= Goal of the exercise =
Please transcribe only the lines that run from the line bearing "快捷的代码生成器 点击左边的" to the end of the entries, keeping both end lines. Skip the pictures.
** Opening Given entries block **
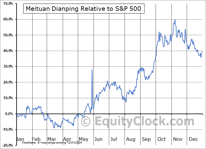 Analysis of the Meituan Dianping (OTCMKT:MPNGF) seasonal charts above shows that a Buy Date of March 27 and a Sell Date of June 29 has resulted in a geometric average return of 23.59% above the benchmark rate of the S&P 500 Total Return Index over the past 6 years. This seasonal timeframe has shown positive results compared to the benchmark in 5 of those periods. This is a very good rate of success and the return strongly outperforms the relative buy-and-hold performance of the stock over the past 6 years by an average of 17.93% per year.
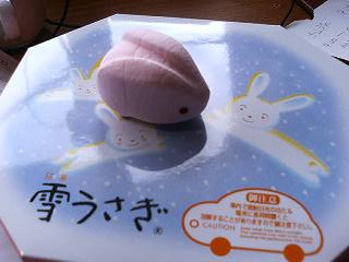 お土産を頂いた。博多銘菓で「雪うさぎ」。箱を開け一つ取り出し包みをそっと開ける、私の楽しみの瞬間だ。どんなお菓子かな?味は?などと何時もワクワクする、まるでコドモ。今回も包みを開くまでノー・イメージで挑んだ。開けてみるとなんともかわいいうさぎの形をしたマシュマロの中に黄身あんが入っている、おいしい。箱の中のお品書きには「雪うさぎ」のお話が書いてある・・・鎌倉時代から伝わる古事で太宰府の崇福寺に伝わるウサギの民話である。ちょっとロマンチック。
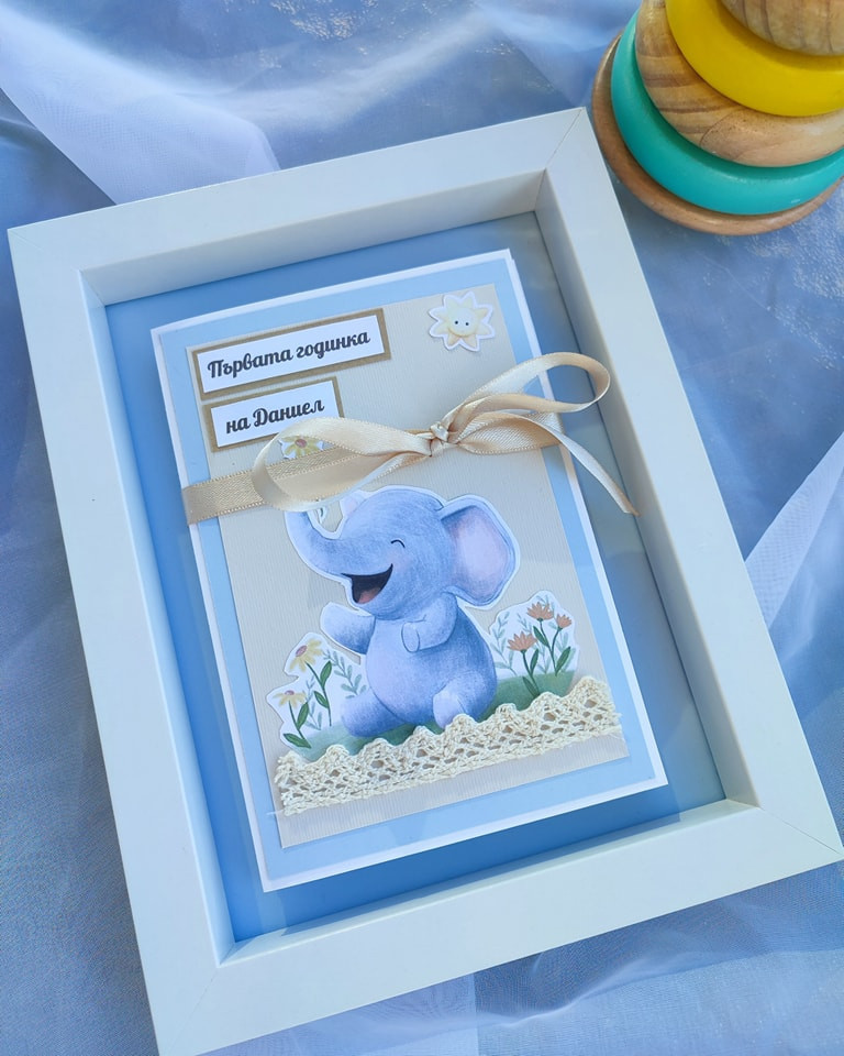 ?Красиви и нежни цветове - бебешко синьо и бежово, допълнени с памучна дантела и сатенена панделка ? В него се крият 12 илюстрации, съответстващи на месеците от първата годинка и 12 странички предвидени за снимка.
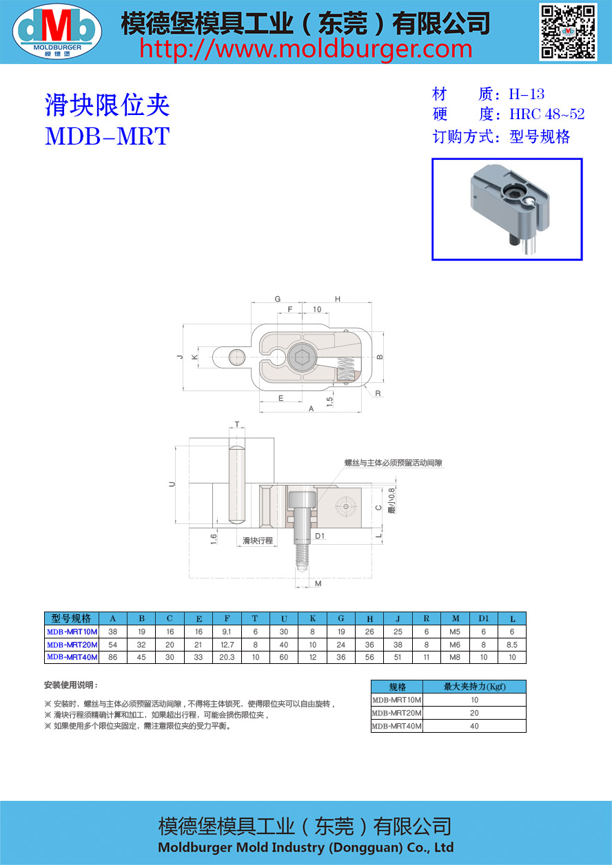 MSB-MRT滑块限位夹滑块定位限位固定器行位扣行位夹定位珠
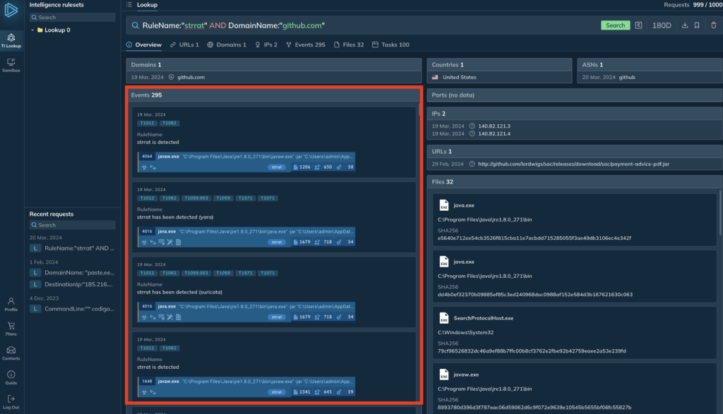 In the ANY.RUN TI Lookup, we can use the query constructor to build our query: ‘RuleName:”strrat” AND DomainName:”github.com”’.
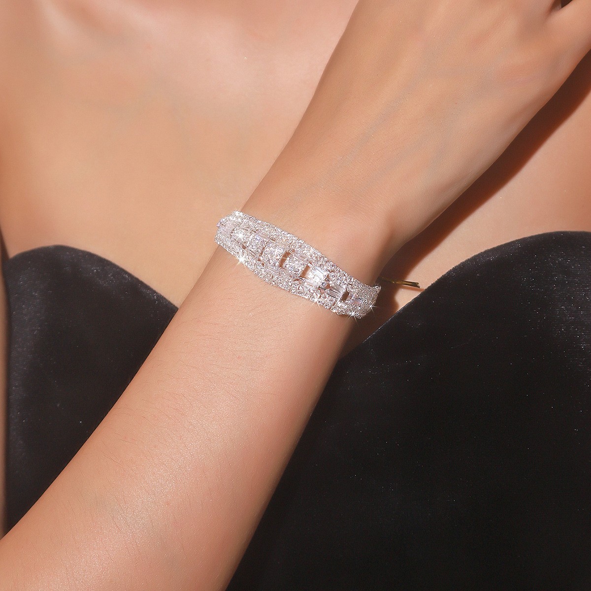 Strass bracelets de cuivre, laiton, Placage de couleur argentée, avec strass 4mm pouce, Vendu par brin
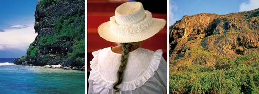 Ses montagnes de velours vert sombre, dont les pentes couvertes de fougères accrochent des lambeaux de nuages, culminent à plus de 400 mètres dans le ciel.
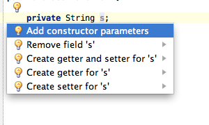 快捷的代码生成器 点击左边的灯泡,或者按Control+Enter可以看到IDEA给出的智能提示
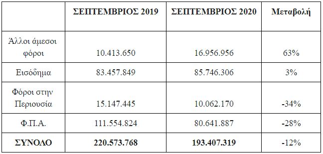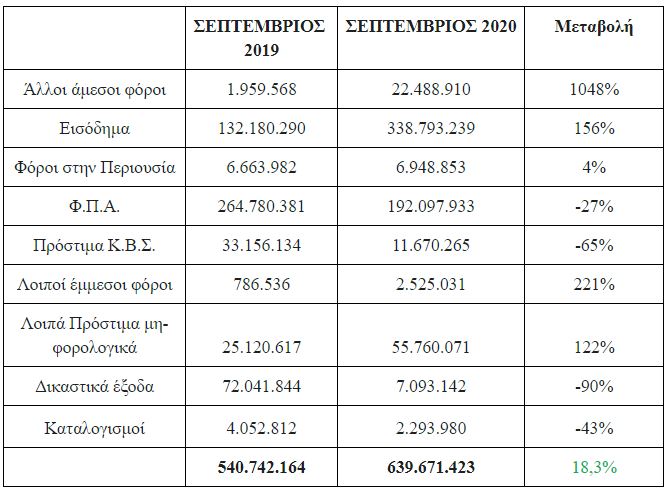 Σε ό,τι αφορά τις εισπράξεις έναντι νέου ληξιπροθέσμου για τον Σεπτέμβριο (εξαιρουμένων των μη φορολογικών κατηγοριών), έφτασαν τα 206 εκατ. (έναντι 233 εκατ. την αντίστοιχη περίοδο του 2019), εκ των οποίων το μεγαλύτερο ποσοστό (92%) οφείλεται στις παρακάτω κατηγορίες φόρων:
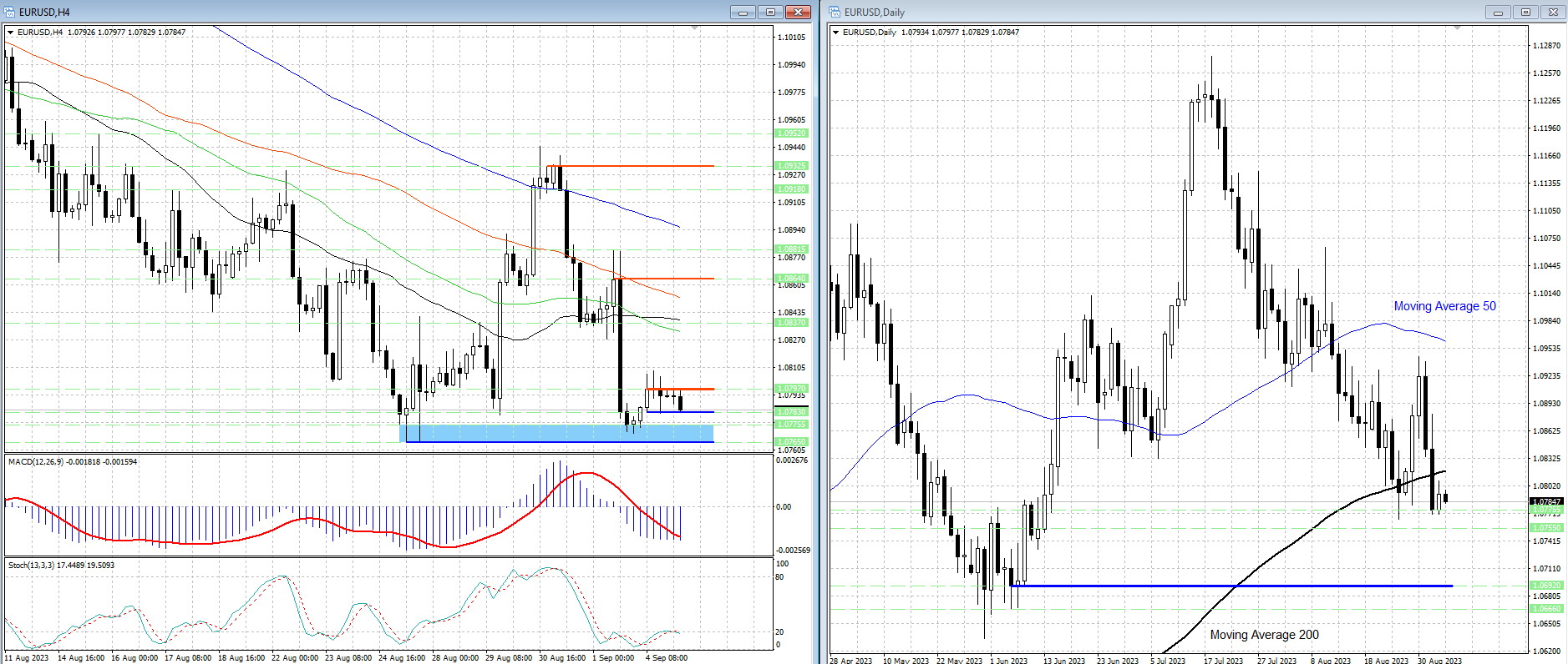 - на уровне 1.0797 образовалось сильное сопротивление для евро (EUR),
** Closing Given entries block **
= Response to the task =
 快捷的代码生成器 点击左边的灯泡,或者按Control+Enter可以看到IDEA给出的智能提示
 Σε ό,τι αφορά τις εισπράξεις έναντι νέου ληξιπροθέσμου για τον Σεπτέμβριο (εξαιρουμένων των μη φορολογικών κατηγοριών), έφτασαν τα 206 εκατ. (έναντι 233 εκατ. την αντίστοιχη περίοδο του 2019), εκ των οποίων το μεγαλύτερο ποσοστό (92%) οφείλεται στις παρακάτω κατηγορίες φόρων:
 - на уровне 1.0797 образовалось сильное сопротивление для евро (EUR),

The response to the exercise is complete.